Grossi, in particular, has found a niche in sadly sung, slow-burning space pop, carving out his spot on 2010’s starry, harp-strewn Curtis Lane EP. And while his debut album, You Are All I See, is by no means on the same level as Vernon’s For Emma, Forever Ago, it does find the mournful electro-troubadour expanding his choir-driven synth-pop into more distinct territory with a heavy dose of galactic shoegaze and ’90s-style R&B. As a result, You Are All I See is largely an exploratory journey, as Grossi ventures out of the interesting but safe musical cubbyhole he crafted on Curtis Lane.

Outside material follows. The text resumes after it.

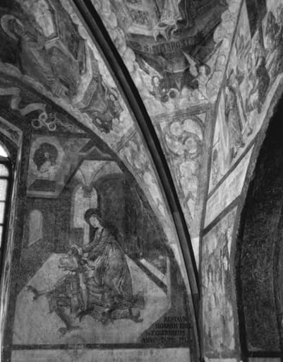 Vue de l'angle sud-ouest du choeur. Cinquième scène de la vie de sainte Marguerite : Marguerite maîtrise le diable en l'attrapant par les cornes.

The album retains many of Grossi’s signatures: Cascading harps, both real and otherwise, are everywhere, while malleable, brassy synths and demure bass provide dream-pop flourishes. As always, the music is cyclical and moody, but largely ancillary to Grossi’s voice—a thick, bell-like soprano that easily shoulders melodic duties and is rightly at the center of attention. The track “High Priestess,” for example, is rather formless and scattered, purposefully hollowed out in the center to make room for Grossi’s grief-stricken questioning. “What you gonna do when you get out of jail? What you gonna do when you get back home?” he asks in a layer cake of pitch-shifted voices, elevating the song from mere dark diversion to ghostly elegance.
Of course, none of this is new for Grossi, but the added element is his frequent inclincation toward danceability. You Are All I See is, by and large, a beat-centric work, and is at its best when liberally borrowing from the minimalist drum-machine patterns of chart-friendly, pre-millenium R&B. In the purposeful “Playing House” (featuring fellow indie funk-pop architect How to Dress Well doing his best Justin Timberlake impression), listeners can hear the percussive tendencies of artists like Aaliyah, Missy Elliott, and even Janet Jackson in the track’s thump-clap gait. Ultimately, Grossi’s ability to marry elements of electro-pop, soul, classical, gospel, and other divergent influences into a cohesive, lo-fi brew allows You Are All I See to succeed as an evolutionary step beyond Active Child’s synth-drenched origins.